From the outset of our editorship as a collective in 2024, we have sought to strengthen the journal’s identity, expand its reach, and foreground the kinds of experimental and creative scholarship that distinguish it within anthropology, we have treated Anthropology & Humanism as a commons. We hold to a simple claim: scholarship is a public good, and creativity is not ornament but method. Now we face the possibility that A&H may no longer exist in its current form after early 2027.
What is happening
Ahead of the 2027 publishing contract negotiations, the American Anthropological Association (AAA) has notified each AAA journal that the overall publishing portfolio—now over twenty academic journals—will be substantially reduced. More than an administrative adjustment, this shift compels hard choices about future hosting, collaborations, and the forms of scholarship that can be sustained for each individual journal, also for A&H.
The AAA presented sections and journals with three options:
Option 1: Merge with other AAA journals or join a new AAA-sponsored collaborative journal: AAA has asked all small and medium-sized journals to find collaborative ways to merge.
Option 2 (Verbatim from AAA): “Some sections may find that a library publishing option best suits their publishing goals…. Library publishers are small, mission-driven publishers within academic libraries that offer a limited set of publishing services and typically publish journals on a “diamond” open-access basis: that is, free for both authors and readers.”
Option 3 (Verbatim from AAA): “Sections who wish to remove their journals from the portfolio and not pursue a library collective option may pursue a section-sponsored publishing partnership.”
Our vision: creativity and multimodality as praxis
From the beginning, our vision statement (December 2024) has framed multimodality and creativity as a praxis—a way of doing inquiry, teaching and critique. We think with text, image, sound, performance and story. Rigour and imagination are kept together by making evidence and ethics legible within the terms of each form rather than forcing all work into a single template.

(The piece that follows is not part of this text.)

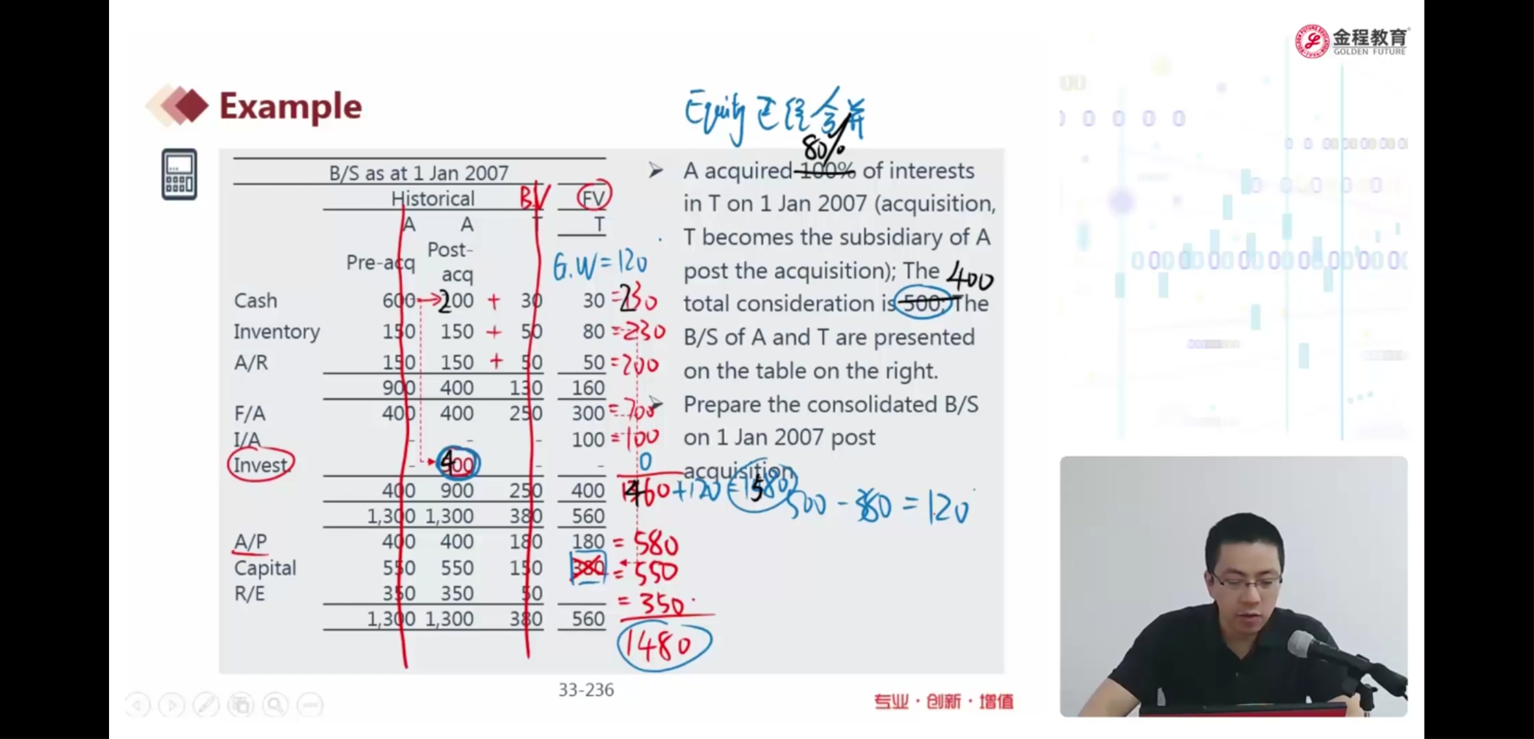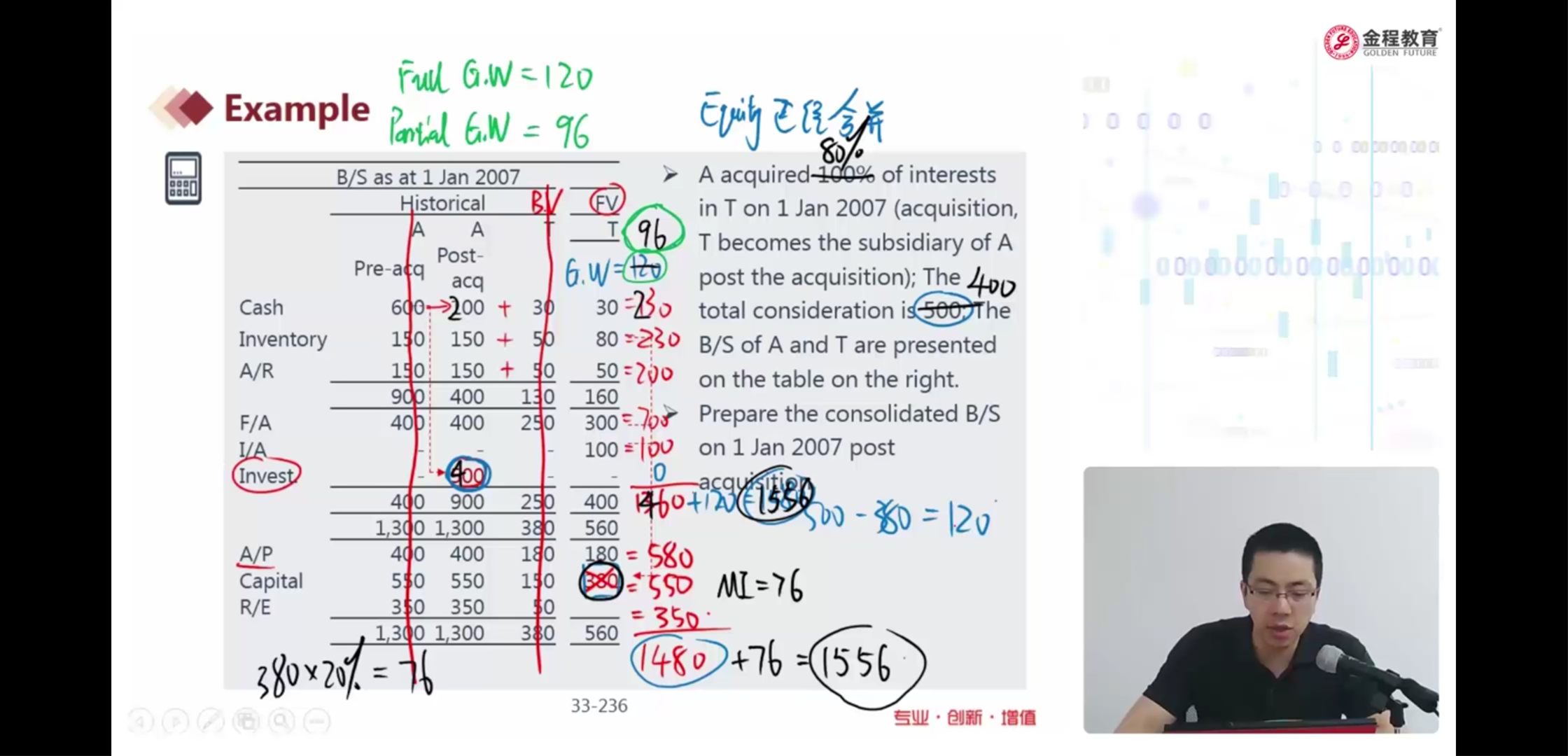 老师,这里如果是按80%比例收购,商誉怎么还是120呢?不是96吗(400-380*80%)?MI就变成了76?

What we’ve been building together as a collective of editors on A&H:
- Creative guidelines. We have drafted and tested guidance for submitting, reviewing, citing and archiving creative ethnographic work. Criteria are form-sensitive—craft, ethical clarity, evidentiary transparency, method made visible—so work can be evaluated fairly and taught responsibly.
- Review as care. We pair authors with medium-literate reviewers, invite dialogic and iterative reviews, and encourage “methods of making” notes with multimodal work so process and accountability remain transparent.
- Support for early-career scholars. We open a supportive space for emerging researchers to explore and experiment with creative, multimodal methods, encouraging risk-taking, reflection and growth in their scholarly practice.
- Expanded formats. We support different kinds of formats such as ethnographic plays, annotated image dossiers, audio transcripts and lyric essays grounded in archives. This way we ensure citability, pedagogy and preservation.
- Collective governance. Editorial conversations are open, minutes are shared and disagreement is treated as a pedagogical resource. We are building reproducible practices, not only outputs.
The hosting question
In light of the portfolio reduction, we are actively exploring a new publishing host aligned with our mission. Our due diligence centres on long-term preservation; indexing and discoverability; equitable routes to open access; production support for multimodal work; and infrastructures that serve community-facing scholarship. The aim is straightforward: to secure a home in which the journal’s intellectual and creative commitments and ethical obligations can flourish.
What guides our choice
Our criteria are public and concrete:
- Genuine support for creative, multimodal scholarship without compulsory textual conformity
- Equity of access for authors and readers beyond well-resourced institutions
- Care-centred review and transparent editorial practice
- Protection of the journal as a commons, not a product line
What comes next
As our pathway clarifies through on-going meetings with the AAAs, we will share further updates. Meanwhile, our editorial work continues: mentoring submissions, expanding and enacting the creative guidelines, and curating forthcoming special sections that embody Anthropology & Humanism’s commitment to method, ethics and imagination.
With thanks to everyone who reads with care, reviews with patience and creates with courage.